Tong Monica, Oh Hye Young, Thomas Jennifer, Patel Sheila, Hardesty Jennifer L, Brandt Nicole J
J Gerontol Nurs. 2017 Apr 1;43(4):9-14. doi: 10.3928/00989134-20170313-04.
The current quality improvement initiative evaluated the medication reconciliation process within select nursing homes in Washington, DC. The identification of common types of medication discrepancies through monthly retrospective chart reviews of newly admitted patients in two different nursing homes were described. The use of high-risk medications, namely antidiabetic, anticoagulant, and opioid agents, was also recorded. A standardized spreadsheet tool based on multiple medication reconciliation implementation tool kits was created to record the information. The five most common medication discrepancies were incorrect indication (21%), no monitoring parameters (17%), medication name omitted (11%), incorrect dose (10%), and incorrect frequency (8%). Antidiabetic agents in both sites were the most used high-risk medication. This initiative highlights that medication discrepancies on admission are common in nursing homes and may be clinically impactful. More attention needs to be given to work flow processes to improve medication reconciliation considering the increased risk for adverse drug events and hospitalizations. [Journal of Gerontological Nursing and Mental Health Services, 43(4), 9-14.].

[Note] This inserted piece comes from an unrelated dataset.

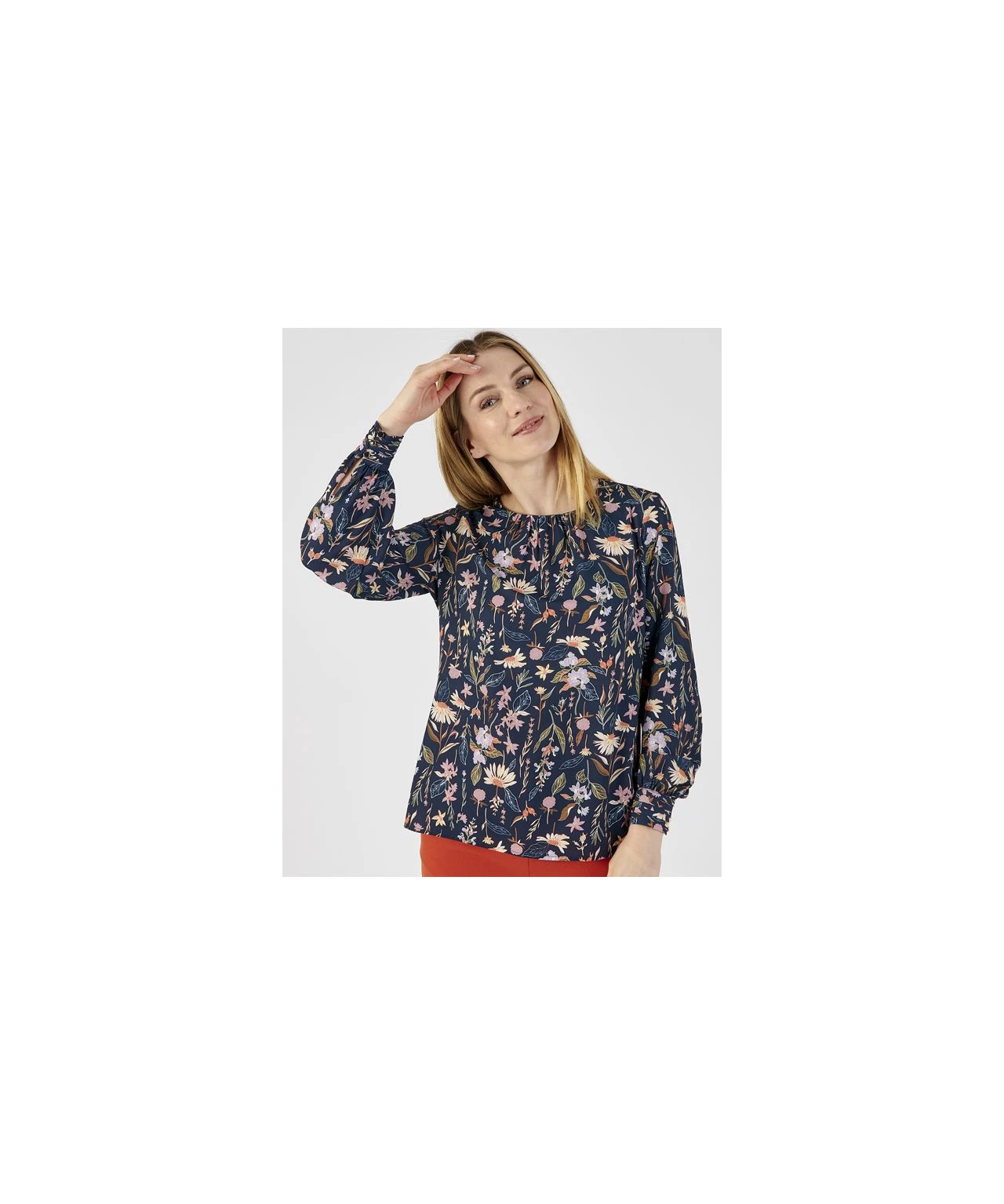 In a striking modern print, our easy wear blouse will update your look in an instant. With a touch of stretch for comfort, with gathering at the neck and cuff detail for a smart look. Woven. Regular fit. Machine washable. 97% Polyester, 3% Elastane. Length: 64cm (25″) approx.
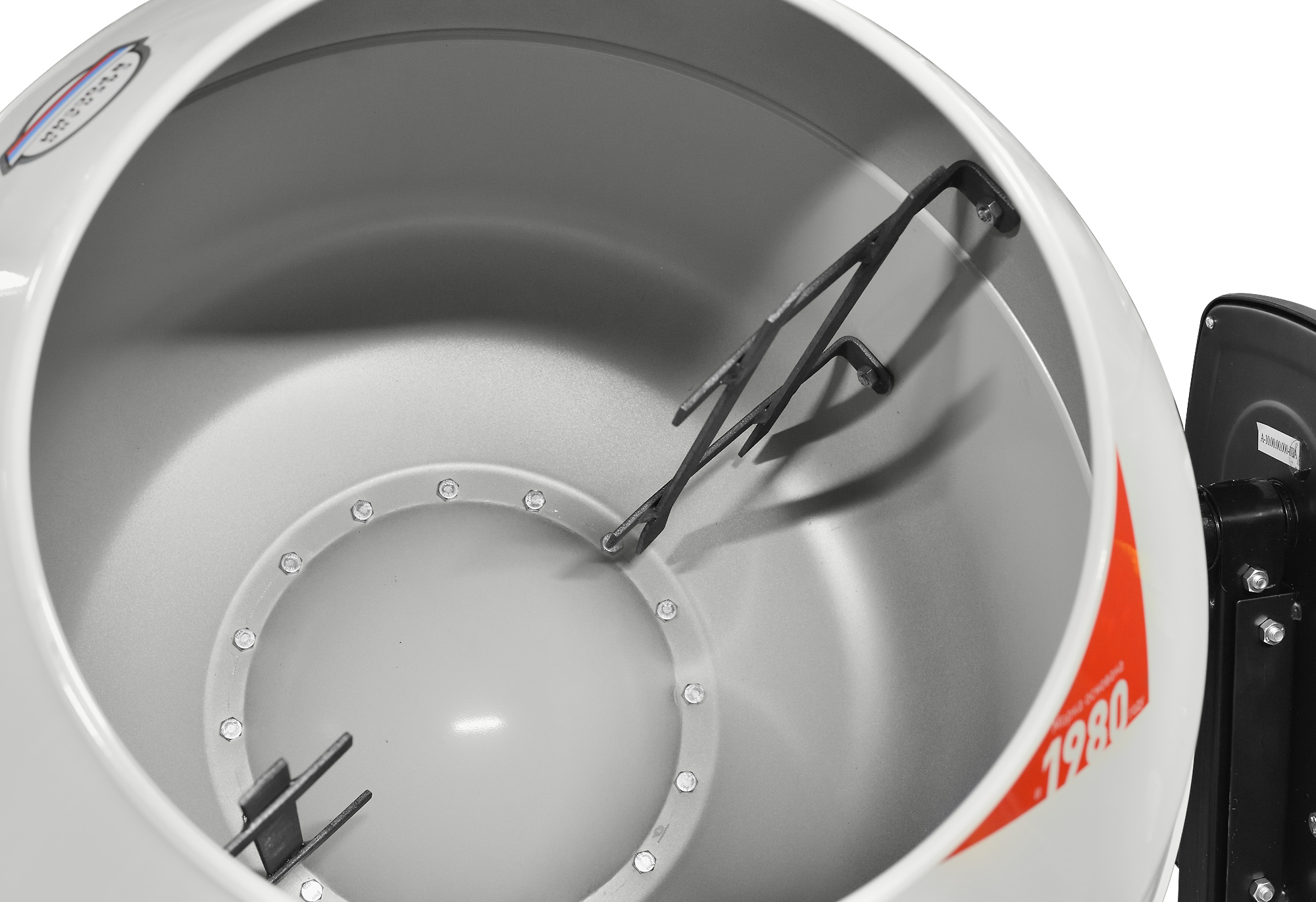 Ножной механизм фиксации положения барабана, который позволяет удерживать маховик для выгрузки смеси двумя руками.

当前的质量改进计划评估了华盛顿特区部分养老院的用药核对流程。通过对两家不同养老院新入院患者每月进行回顾性病历审查,描述了常见用药差异类型的识别情况。还记录了高风险药物的使用情况,即抗糖尿病药、抗凝药和阿片类药物。基于多个用药核对实施工具包创建了一个标准化电子表格工具来记录信息。最常见的五种用药差异为适应证错误(21%)、无监测参数(17%)、遗漏药名(11%)、剂量错误(10%)和用药频率错误(8%)。两个地点的抗糖尿病药都是使用最多的高风险药物。该计划强调,入院时的用药差异在养老院很常见,可能具有临床影响。考虑到药物不良事件和住院风险增加,需要更加关注工作流程以改善用药核对。[《老年护理与心理健康服务杂志》,43(4),9 - 14。]